I cannot get over the absolute beauty and perfection of this lotus inlay. IT IS LITERALLY blowing my mind.


----------



## NikNik (Apr 4, 2011)

Ok! Ladies and Gentlemens!
Once again I am pleased to share with you!

After carving and sanding the top we have a relief.








Let's stain the top wood in balck!











Fuck me jesus, this is my guitar!






And sealed!











So, here's how it looks!






And again I'm, look like a dump with a smile of childish happiness on my face))


----------



## BlackMastodon (Apr 4, 2011)

The goofy smile is very justified, that guitar looks amazing.


----------



## Strawberry Man (Apr 5, 2011)

Sexeh


----------



## vansinn (Apr 5, 2011)

YumYum 
This design and choise of woods can carry just about any color scheme and finish.
Vic certainly knows his stuff.
I know he usually does lacquered finishes, but this one looks like a silky/gloss oil finish; is it?


----------



## -Nolly- (Apr 5, 2011)

Looking amazing! I love the detail on the binding, and the trans black finish is glorious


----------



## Jontain (Apr 5, 2011)

Stain brings out the quilt loads, ace looking build man


----------



## b7string (Apr 5, 2011)

I like that twinkle in your eye in the last picture  That guitar is absolutely beautiful, congratulations on this GAS inducing build


----------



## eaeolian (Apr 5, 2011)

Wow, pretty.

Oh, and I'm a big fan of the band, too, especially the last two discs. Excellent stuff!


----------



## kruneh (Apr 5, 2011)

That looks great!
A nice and clean design of the body and headstock, love it.


----------



## Daemon (Apr 5, 2011)

Hell yeah dude, amazing.


----------



## emperor_black (Apr 5, 2011)

meh! I've seen better guitars...
















in Borat's voice "NOT!"


----------



## AfroSamurai (Apr 5, 2011)

That quilt is unbelievable. You're going to get a sweet guitar


----------



## NikNik (Apr 5, 2011)

eaeolian said:


> Wow, pretty.
> 
> Oh, and I'm a big fan of the band, too, especially the last two discs. Excellent stuff!





Thanks for the good words!
Listen to your Myspace - great!


----------



## PyramidSmasher (Apr 5, 2011)

Literally the best guitar ever built, and you own it!!


----------



## NikNik (Apr 9, 2011)

Hi!
Good news! There is some progress on the Lotus!
Watch and protect your eyes guys!)

Only Vik "traditional" headstock 4:3 and Gotoh 510 is convient for me!!!
Do you see that? - It's a perfect!







We'll use one piece one way truss rod, adjusted from the body side of the neck.
BTW, this is actually the way how it has to be placed (it has to be angle). 

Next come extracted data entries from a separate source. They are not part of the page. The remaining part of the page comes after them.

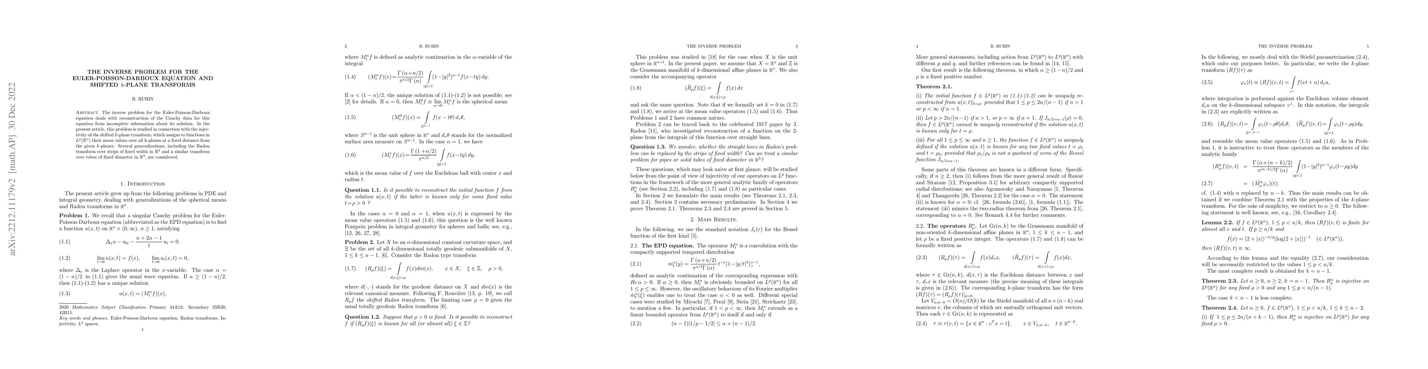 This paper investigates the inverse problem for the Euler-Poisson-Darboux equation, focusing on reconstructing Cauchy data from incomplete solution information. It examines the injectivity of the shifted $k$-plane transform, including generalizations like the Radon transform over strips and tubes.
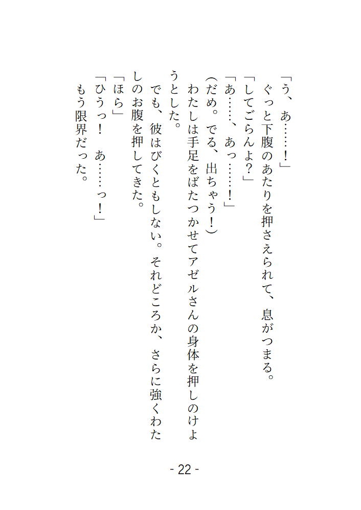 夜中に尿意で雑木林で排尿しようとするのだが、そこにアゼルが現れて――。
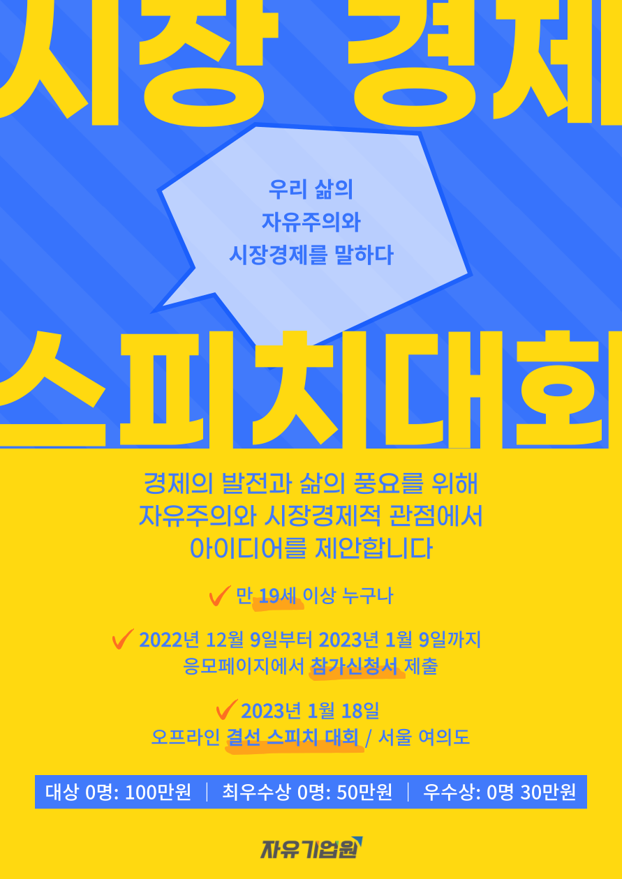 “우리 삶의 자유주의와 시장경제를 말하다” 자유기업원이 제1회 시장경제 스피치 대회를 개최합니다. 우리의 삶 곳곳에 녹아 있는 자유주의와 시장경제 논제에 대한 자신의 목소리를 들려주세요!
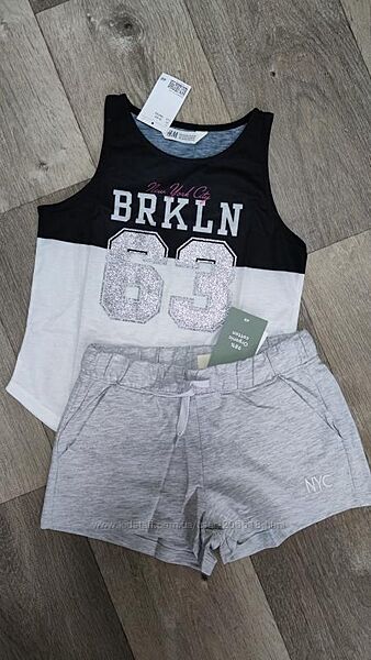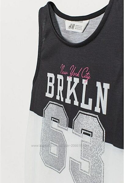В наличии стильные маечки Н&М 🤩украшены глитерным принтом❤️низ майки закруглен 💓 100% полиэстер , лёгкая и приятная к телу , размеры 8-10 лет 134-140 см и 10-12 лет 146-152 см ❤️цена 240 грн
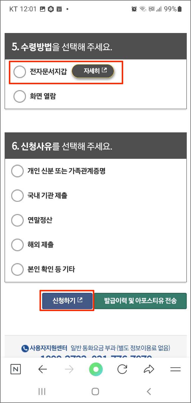 (8) 신청 정보 입력 후 발급 버튼 클릭
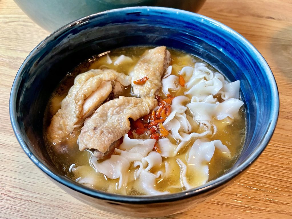 Recette traditionnelle taïwanaise du Ma You Ji, une soupe réconfortante au poulet et au sésame noir, facile à réaliser.
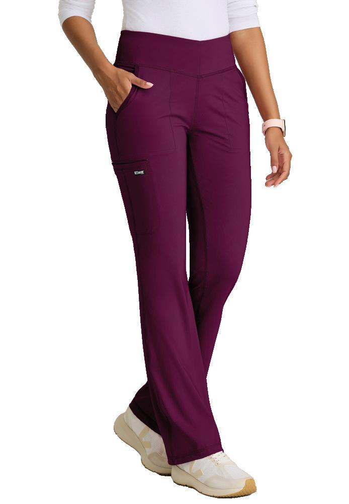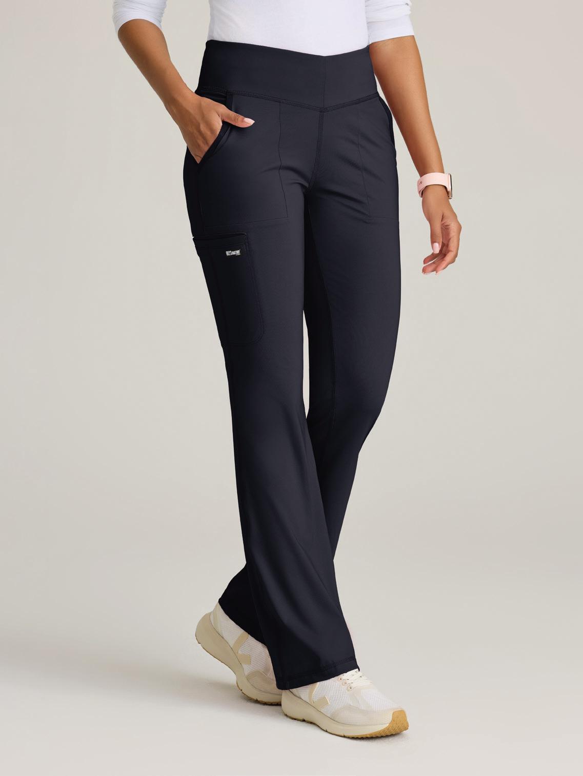 5-pocket high-rise, V-front waistband, fit & flare leg pant

So, next step is some woodgraffics!
For this neck we use beautiful AAAAA bird's eye maple!
















Time to route the truss rod channel. The rod is placed with an angle to compensate 7 string tension.
To glue in the truss rod with ebony insert.






Bindings, to glue fingerboard, and here we go!






Glue in some fancy "glow in the dark markers" with white outer contour, so they look a way cooler than just glowing dots. 






Looks great!!!











Lights off, and Cosmos is here!






So you see all this things! 
It's all news for today!
To be continued!
Be happy!!!!!!!!


----------



## technomancer (Apr 9, 2011)

Looks great


----------



## BlackMastodon (Apr 9, 2011)

Super jealous. Also that's a zero fret on there right? With zero frets do you need a nut or would you be able to slot the fretboard and use the angle of the headstock as a sort of nut? Just seems to me like there isn't room for a nut on there.


----------



## Kamin (Apr 9, 2011)

Wow. This is looking quite amazing. My jealousy is gaining momentum.


----------



## ryantheyetti (Apr 11, 2011)

when i saw the pics of that stain i was literally speechless (not to say the rest of the guitar isnt just absolutely stunning) i NEED to know what kind/brand and the exact color of that stain, i completely love it


----------



## Xibuque (Apr 11, 2011)

OMG!!!!!!!!! Amazing! Congrats!


----------



## jay133 (Apr 12, 2011)

Good work, man!!


----------



## Mendez (Apr 12, 2011)

That top looks gorgeous!!!


----------



## Jontain (Apr 12, 2011)

ah man wow! Love the attention to detail on this beast!


----------



## Mindcrime1204 (Apr 12, 2011)

Maaaaan, how the hell did I miss this? I'm always on this bitch, lol.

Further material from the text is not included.